The latest report released by Epochai indicates that the world’s public high-quality text training data sets will be exhausted by large language models in the next few years. The report predicts that between 2026 and 2032, the existing data of about 300 trillion tokens will be used up, and the "over-training" of the model has accelerated this process. Meta’s Llama3 8B version is overtrained by a staggering 100 times, and if all models adopt this approach, the data may be exhausted by 2025. Facing the coming "data shortage", Epochai has proposed four potential solutions, providing a new direction for data acquisition in the field of artificial intelligence.

The researchers specifically pointed out that "overtraining" is the main culprit in accelerating the consumption of training data. For example, the 8B version of Meta’s latest open source Llama3 has an astonishing 100 times overtraining! If all models behave like this, our data may have to say goodbye in 2025.

But don't worry, we still have a way. Epoch AI provides four new methods to obtain training data, making the "data shortage" in the AI world no longer a nightmare.
1) Synthetic data: Just like a meal made from a cooking kit, synthetic data uses deep learning to simulate real data and generate brand new data. But don’t get too excited; the quality of synthetic data can be uneven, prone to overfitting, and lack the nuanced linguistic features of real text.
2) Multi-modal and cross-domain data learning: This method is not limited to text, but also includes images, videos, audio and other data types.
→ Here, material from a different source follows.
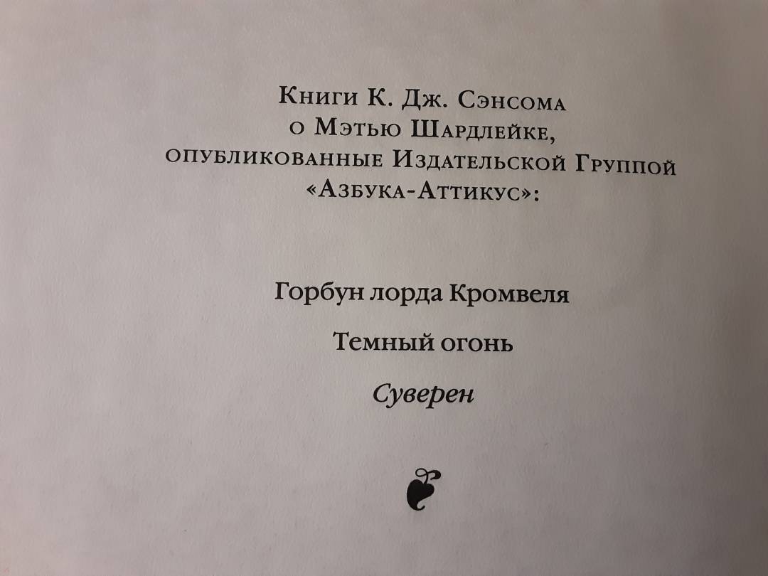 ОписаниеЛето 1541 года. Король Англии Генрих VIII, обеспокоенный попыткой мятежа, собирается посетить Йорк на севере королевства, чтобы предотвратить возможное повторение бунта. Мэтью Шардлейк, включенный в королевскую свиту, отправляется в Йорк заранее с секретным заданием доставить в Лондон организатора неудавшегося мятежа. Со своим помощником Шардлейк селится в аббатстве Святой Марии, которое должно стать временной резиденцией короля. Тут-то и начинается череда таинственных происшествий. Сначала погибает витражных дел мастер Олдройд. При осмотре дома убитого обнаружен тайник со шкатулкой, содержащей старинные документы. Следующей жертвой становится сам Шардлейк. От удара по голове он теряет сознание, и найденные бумаги, способные пролить свет на истинных инициаторов заговора, исчезают... В мире литературных героев и в сознании сегодняшнего читателя образ Мэтью Шардлейка занимает почетное место в ряду с такими известными персонажами, как Шерлок Холмс, Эркюль Пуаро, Ниро Вульф и комиссар Мегрэ.СвернутьЛето 1541 года. Король Англии Генрих VIII, обеспокоенный попыткой мятежа, собирается посетить Йорк на севере королевства, чтобы предотвратить возможное повторение бунта. Мэтью Шардлейк, включенный в королевскую свиту, отправляется в Йорк заранее с секретным заданием доставить в Лондон организатора неудавшегося мятежа. Со своим помощником Шардлейк селится в аббатстве Святой Марии, которое должно стать временной резиденцией короля. Тут-то и начинается череда таинственных происшествий. Сначала погибает витражных дел мастер Олдройд. При осмотре дома убитого обнаружен тайник со шкатулкой, содержащей старинные документы. Следующей жертвой становится сам Шардлейк. От удара по голове он теряет сознание, и найденные бумаги, способные пролить свет на истинных инициаторов заговора, исчезают... В мире литературных героев и в сознании сегодняшнего читателя образ Мэтью Шардлейка занимает почетное место в ряду с такими известными персонажами, как Шерлок Холмс, Эркюль Пуаро, Ниро Вульф и комиссар Мегрэ.СвернутьСвернуть

Just like in KTV, you can not only sing, dance, but also act. Multi-modal learning allows the model to more comprehensively understand and handle complex tasks.
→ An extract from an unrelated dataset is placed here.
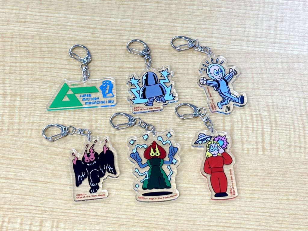 UMA&エイリアンたちがアクリルキーホルダーに!「スキンヘッドエイリアン」「フラットウッズ‧ モンスター」「⾦星⼈オーソン」「空⾶ぶモスマン」「メタルロボットエイリアン」に、ファミマカラーの『ムー』ロゴを加えた6種から選べます。

3) Private data: At present, the total amount of private text data in the world is about 3100 trillion tokens, which is more than 10 times that of public data! But you have to be careful when using private data. After all, privacy and security are big things. Moreover, the process of obtaining and integrating non-public data can be complex.
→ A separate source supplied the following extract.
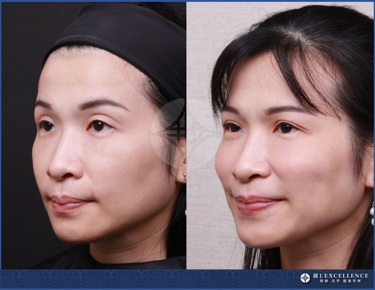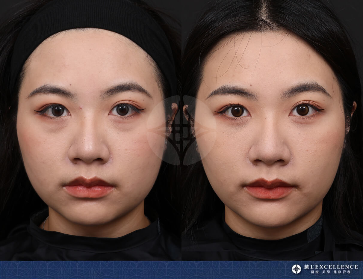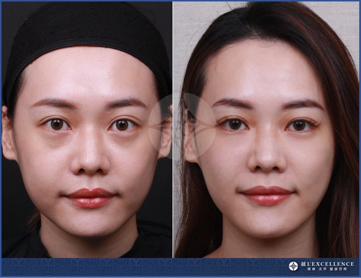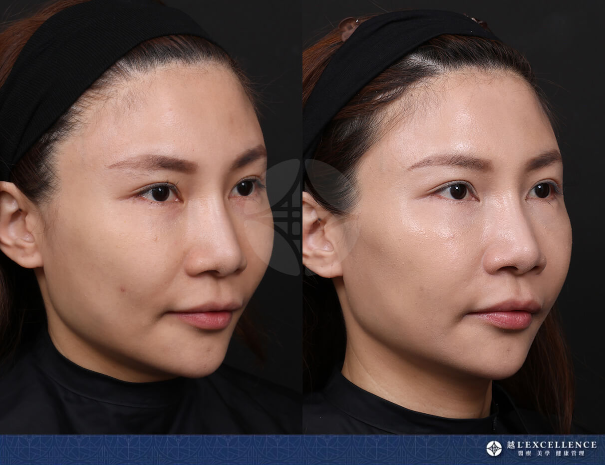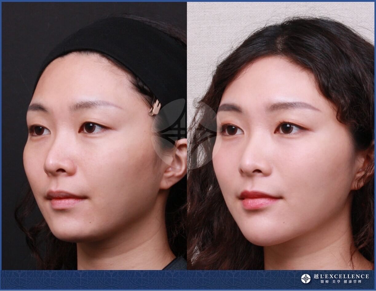 臉部精緻微雕,打造俐落輪廓-玻尿酸中文名稱:玻尿酸透明質酸。英文名稱:Hyaluronic Acid。玻尿酸是一種透明的膠狀結晶物,具有強力的吸水性,可保持肌膚彈性,可以有效增加及鎖緊肌膚中的水份,進而保持肌膚彈性與維持形狀。透過注射於治療部位,增進皮下組織的容量,讓臉部凹陷得到改善,擺脫給人的疲倦感;而立體度的運用,也能提升五官俐落感,讓鼻子、下半臉、下巴的V型線更加清楚明顯,而撫平皺紋均有不錯的效果。 治療原理玻尿酸(hyaluronic Acid,簡稱HA)學名為透明質酸,是一種外觀透明、具黏性的天然多醣類膠狀物質。玻尿酸是人體中本來就有的物質,年輕肌膚柔軟有彈性,就是因為玻尿酸以膠質型態,大量存在於人體的結締組織與真皮層中,而玻尿酸強大的保濕功能,除了可以提升肌膚的光澤與飽水度外,也是保持年輕的關鍵之一。玻尿酸進行注射後,能立即補充肌膚的儲水保濕能力,改善老化導致的組織萎縮,並讓肌膚恢復年輕豐潤感,而進階治療更可以達到臉部精雕效果,包括蘋果肌、淚溝填補、隆鼻、V下巴、豐額頭、豐頰等豐唇延伸應用。一般來說,玻尿酸注射當下就可以感受明顯效果的變化、過程中不用開刀,搭配玻尿酸不同品牌及不同分子劑型與劑量建議,以各部位量身打造的技法,才能達到全方位雕塑治療效果。 術前評估 市面上各家品牌及不同劑型的玻尿酸,注射方式以及注射深度與適合的治療部位都有所不同。越L’EXCELLENCE醫療美學主要以國際原廠三大領導品牌《Restylane瑞絲朗》、《JUVÉDERM喬雅登》及《TEOXANE緹奧希》進行玻尿酸針劑治療。透過專業醫師一對一的術前諮詢服務,醫師會根據個人臉型比例與患者對療程的期望,匯集多年臨床經驗與美感評估,提供更為精確的客製化療程,確保每位患者都能達到自然且精緻的美型輪廓。 實際案例 此案例透過醫師全臉評估,以玻尿酸針劑搭配肉毒桿菌素治療,針對全臉輪廓線條精緻提升。 此案例透過玻尿酸治療,針對易顯老態的眼窩凹陷處進行填補,免動刀即可擁有補脂手術般的術後效果。 此案例透過玻尿酸治療,拉長並修順下巴線條,改善下半臉的臉型輪廓。 此案例透過玻尿酸治療,針對凹陷的夫妻宮(太陽穴)進行填補,使臉型輪廓更加柔順。 此案例透過玻尿酸治療,針對膠原蛋白流失後的臉頰凹陷及法令紋,進行填充提升臉部膨潤度。 此案例透過玻尿酸治療,針對膠原蛋白流失後,造成的蘋果肌塌陷進行填補,找回豐潤飽滿的中臉線條感。 此案例透過玻尿酸治療,針對蘋果肌塌陷及淚溝造成的疲態感,進行不同的層次填補,找回豐潤飽滿的中臉線條感與告別淚溝造成的黑眼圈。 此案例透過大分子玻尿酸填補治療,針對下巴不對稱及過短的型態,進行不同的層次填補,找回協調且對稱的下巴線條,讓臉型輪廓更加協調。 此案例透過大分子玻尿酸填補治療,針對下巴過短的外型,進行不同的層次填補,找回協調且對稱的下巴線條,讓臉型輪廓更加協調。 此案例透過大分子玻尿酸填補治療,針對下巴過短後縮的外型,進行玻尿酸層次填補,打造屬於男生方形陽剛帥氣的下巴線條感。 此案例透過玻尿酸治療,針對淚溝填補,進而改善眼袋及黑眼圈造成的疲態感;此外,並協同音波拉提眼周2.0深度治療,另整體效果更加分。 此案例藉由玻尿酸填補方式,因避免鼻形變寬的疑慮,採獨創不同層次的注射技法,搭配產品的特色,進而改善塌陷的鼻形,呈現精緻的美感鼻形。 此案例藉由玻尿酸填補方式,因避免鼻形變寬的疑慮,採獨創不同層次的注射技法,搭配產品的特色,進而改善塌陷的鼻形,呈現精緻的美感鼻形。 此案例藉由玻尿酸填補方式,因避免鼻形變寬的疑慮,採獨創不同層次的注射技法,搭配產品的特色,進而改善塌陷的鼻形,呈現精緻的美感鼻形。 此案例藉由玻尿酸填補方式,因避免鼻形變寬的疑慮,採獨創不同層次的注射技法,搭配產品的特色,進而改善塌陷的鼻形,呈現精緻的美感鼻形。 此案例藉由玻尿酸填補方式,採特殊的注射技法,搭配產品的特色,進而改善眼窩凹陷塌的樣貌。 此案例藉由玻尿酸填補方式,採特殊的注射技法,搭配產品的特色,進而改善眼窩凹陷塌的樣貌。 手部治療 上述手部案例是透過玻尿酸針劑治療,有效改善手部皺折及細紋,此為術後六週之比對,其玻尿酸劑型及施打支數,由專業醫師評估後安排客製化療程。 上述手部案例,是藉由晶亮瓷治療。適用於手部皺褶的紋理( 雞爪手),透過產品的特性,且術後不需特別按摩,是相對自然且安全的皮下填充劑選擇。改善肌膚紋路問題,由專業醫師評估治療。 Restylane NASHA[純粹]速效水膜針 來自北歐,玻尿酸領導品牌。挺美的,追求美的旅程中,瑞絲朗一直是你的最佳靈感繆思,追求美的旅程中,瑞絲朗一直是你的最佳靈感繆思,承襲北歐設計精神,以純簡奢華的工藝打造出能抵抗變形的高彈力質純玻尿酸; 品質良好的玻尿酸劑型應有大、中、小分子之分,依照不同的治療部位及肌膚構造的需求,謹慎選擇適合的玻尿酸劑型,才能訂製專屬優雅,讓美麗持久閃耀。 NASHA [純粹]玻尿酸特色減痛配方高舒適:恢復期短立即見效溫和低敏低腫脹:99%近似天然玻尿酸效果持久看得見:12-18個月 滿意度高玻尿酸分子均勻:細緻度高 量身訂製絕佳組織支撐力:支撐拉提 雕塑輪廓 NASHA [純粹]速效水膜針。365全天候保濕增加彈性緊緻肌膚修飾細紋改善痘疤高效保濕 Restylane Vital

4) Real-time interactive learning with the real world: Let the model learn and improve through direct interaction with the real world. This approach requires models to be autonomous and adaptable, able to accurately understand user instructions and take actions in the real world.
The four methods proposed by Epochai each have their own advantages and disadvantages and face different challenges. In the future, how to effectively solve data problems will directly affect the development and application of artificial intelligence technology. This requires scientific researchers and industry to work together to explore more effective ways to obtain and utilize data to ensure the sustainable and healthy development of artificial intelligence.